Your task →
With the pictures left out, restate exactly the part below that opens with the line containing "Volunteer at a" and closes with the line containing "在行业的激烈竞争中,用户的付".

Information supplied →
==*==
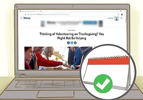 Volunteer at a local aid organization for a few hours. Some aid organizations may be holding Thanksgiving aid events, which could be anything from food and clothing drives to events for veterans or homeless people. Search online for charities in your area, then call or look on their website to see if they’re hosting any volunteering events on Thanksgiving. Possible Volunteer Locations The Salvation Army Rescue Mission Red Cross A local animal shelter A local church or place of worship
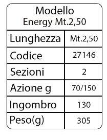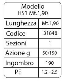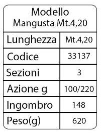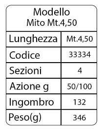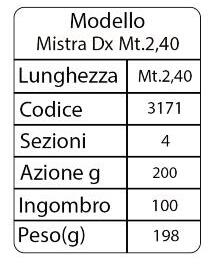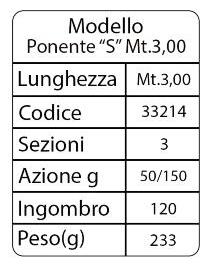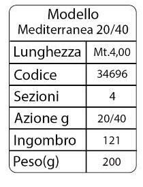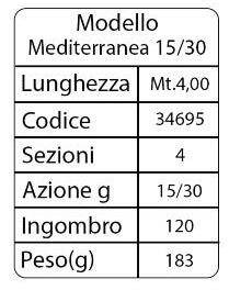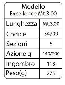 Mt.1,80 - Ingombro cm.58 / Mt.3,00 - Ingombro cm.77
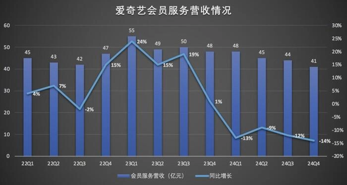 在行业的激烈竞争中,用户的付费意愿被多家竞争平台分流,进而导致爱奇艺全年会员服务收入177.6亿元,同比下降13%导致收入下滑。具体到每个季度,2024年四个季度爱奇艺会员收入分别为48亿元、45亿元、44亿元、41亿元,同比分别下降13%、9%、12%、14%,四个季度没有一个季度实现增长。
==*==
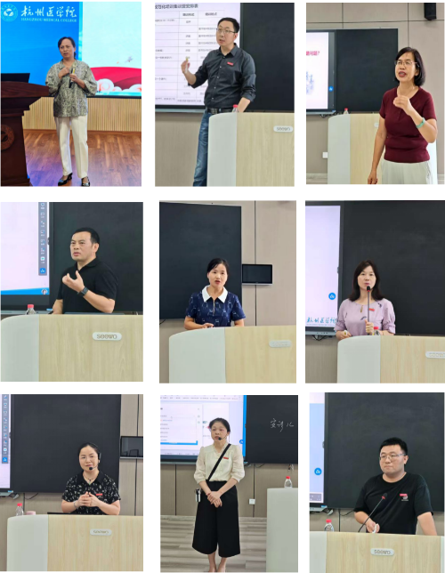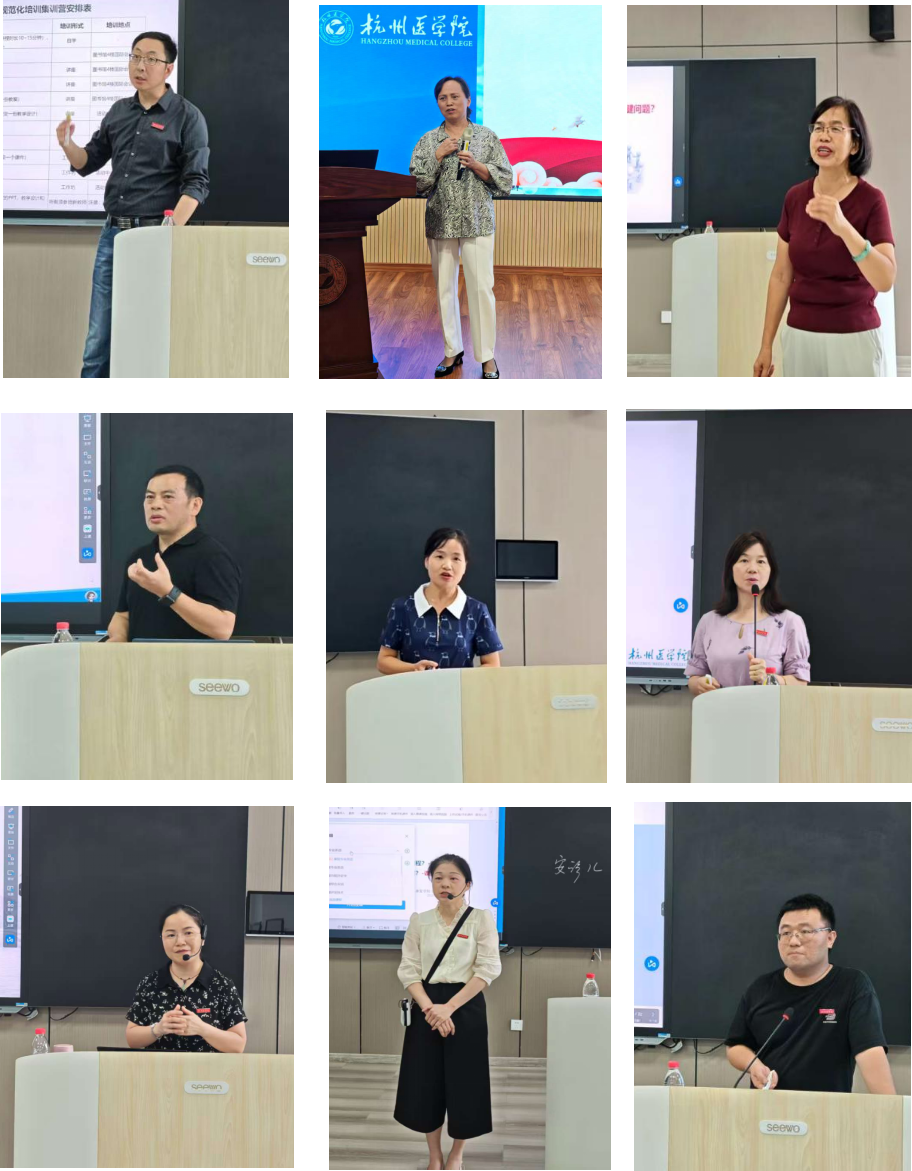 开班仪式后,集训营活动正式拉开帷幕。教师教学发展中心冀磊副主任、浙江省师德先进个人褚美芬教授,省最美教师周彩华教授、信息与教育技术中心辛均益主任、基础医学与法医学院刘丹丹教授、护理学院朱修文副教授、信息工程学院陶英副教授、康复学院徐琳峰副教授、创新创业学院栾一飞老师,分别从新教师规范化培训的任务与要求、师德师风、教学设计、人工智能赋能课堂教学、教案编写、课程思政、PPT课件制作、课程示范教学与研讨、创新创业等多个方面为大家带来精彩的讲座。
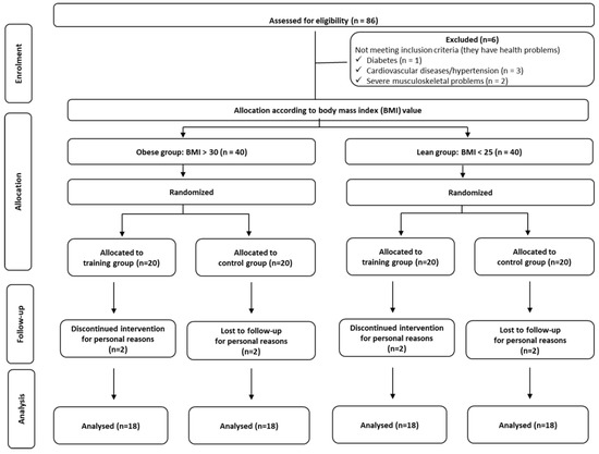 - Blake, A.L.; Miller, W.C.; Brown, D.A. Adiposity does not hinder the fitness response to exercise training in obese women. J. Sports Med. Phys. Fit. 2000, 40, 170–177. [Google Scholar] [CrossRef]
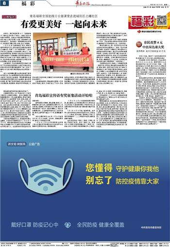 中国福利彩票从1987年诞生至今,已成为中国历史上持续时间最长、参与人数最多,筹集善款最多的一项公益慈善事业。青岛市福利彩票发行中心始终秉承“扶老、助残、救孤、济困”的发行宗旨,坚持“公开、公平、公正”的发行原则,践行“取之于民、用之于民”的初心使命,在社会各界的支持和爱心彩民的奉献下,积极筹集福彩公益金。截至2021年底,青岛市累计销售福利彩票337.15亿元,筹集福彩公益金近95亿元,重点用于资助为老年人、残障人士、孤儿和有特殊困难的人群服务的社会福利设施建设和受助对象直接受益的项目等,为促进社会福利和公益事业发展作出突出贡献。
==*==
Answer area →
 Volunteer at a local aid organization for a few hours. Some aid organizations may be holding Thanksgiving aid events, which could be anything from food and clothing drives to events for veterans or homeless people. Search online for charities in your area, then call or look on their website to see if they’re hosting any volunteering events on Thanksgiving. Possible Volunteer Locations The Salvation Army Rescue Mission Red Cross A local animal shelter A local church or place of worship
 Mt.1,80 - Ingombro cm.58 / Mt.3,00 - Ingombro cm.77
 在行业的激烈竞争中,用户的付费意愿被多家竞争平台分流,进而导致爱奇艺全年会员服务收入177.6亿元,同比下降13%导致收入下滑。具体到每个季度,2024年四个季度爱奇艺会员收入分别为48亿元、45亿元、44亿元、41亿元,同比分别下降13%、9%、12%、14%,四个季度没有一个季度实现增长。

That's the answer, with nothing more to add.